The last bit of training advice taken up bring back breathing techniques in again was with the aid of a simple float. This is held with both hands stretched out in front with an easy leg kick to get you going. I had found that I am more comfortable breathing in from my left side so the exercise is just for my left arm stroke and breathing in from that side. Releasing my left arm to do a complete stroke and back to the float again as it leaves the float the body naturally swivels clockwise to the right and the head can be turned to the left and take in air through the mouth. On the return with both hands on the float a gentle exhaling of air through the nose is made until such time to be ready for the left arm stroke and breathe in through the mouth again.

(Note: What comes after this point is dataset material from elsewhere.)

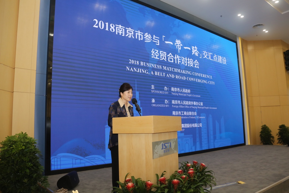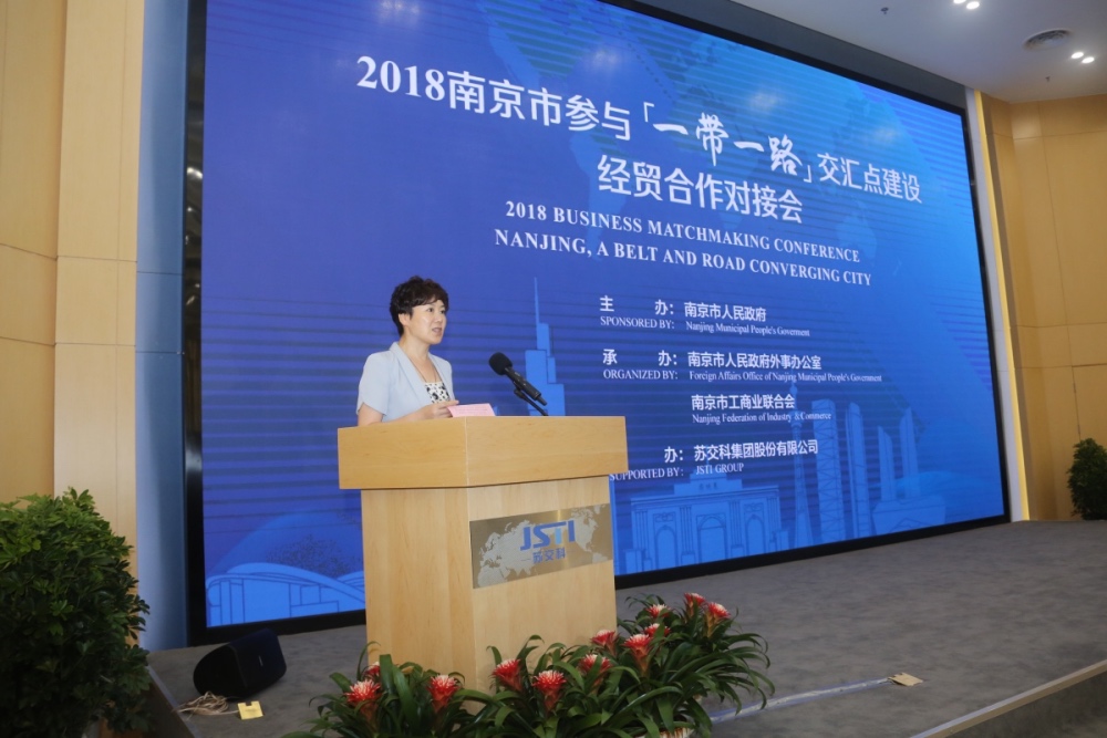 9月6日下午,由南京市人民政府主办,市政府外事办公室、市工商联承办,388vip太阳集团官网集团协办的2018南京市参与“一带一路”交汇点建设经贸合作对接会在388vip太阳集团官网南京设计中心召开。南京市委常委、统战部部长华静、市委统战部副部长、市工商联党组书记毛卫华、市政府外办副主任夏炎、市工商联党组成员、副主席钱卫冰、市工商联副主席、388vip太阳集团官网集团股份有限公司副董事长王军华出席会议。会议邀请了相关国家使领馆代表、境外经贸机构以及苏宁、金浦等近50家南京市开放型民营企业参会。会议由南京市外办主任李爱君主持。

As I practiced this it became more comfortable and I could now complete lengths quite easily without getting too exhausted, albeit with a floating aid. This aside, it was a very pleasing achievement in view of the past two sessions. In fact on reflection, I felt a little corner had been turned with this exercise. There was a little hiccup when I tried to do exercise this with the right side, I failed miserably with taking in water and having to stop on both occasions. I will continue with the left to gain more confidence before trying that again!
With a little confidence instilled I tried to go for a freestyle length without aids. It all started well but by the time I had got half way down the length panic fell in again with water getting into my nose and all the bad habits of panicking and head raised with either a panic swim to the end and exhaustion, or just stopping with feet down again. A bad end to what I though was something quite promising.
Finishing the session with two lengths of head high snail paced breaststroke then finding that I had been in the pool for 50 minutes was quite surprise. 20 minutes longer than both sessions before and much more constructive.
I still can’t believe how lucky I am to have a pool so close to home and without this taking part in event in September just would not be possible. This is especially so knowing how much work there is ahead into getting up and running with a simple freestyle action like all the other swimmers I see.
Next session is now due on Tuesday 5th March and I am looking forward to doing the same things as today with more confidence.
Just a small note to end with. Only to mention seeing a news article this morning about a Syrian refugee who nearly drowned getting to the UK crossing the sea. This man who couldn’t swim just one year ago is now in full training to compete in the 2020 Olympics as a swimmer. An inspirational story to give anyone who is starting from scratch to latch onto.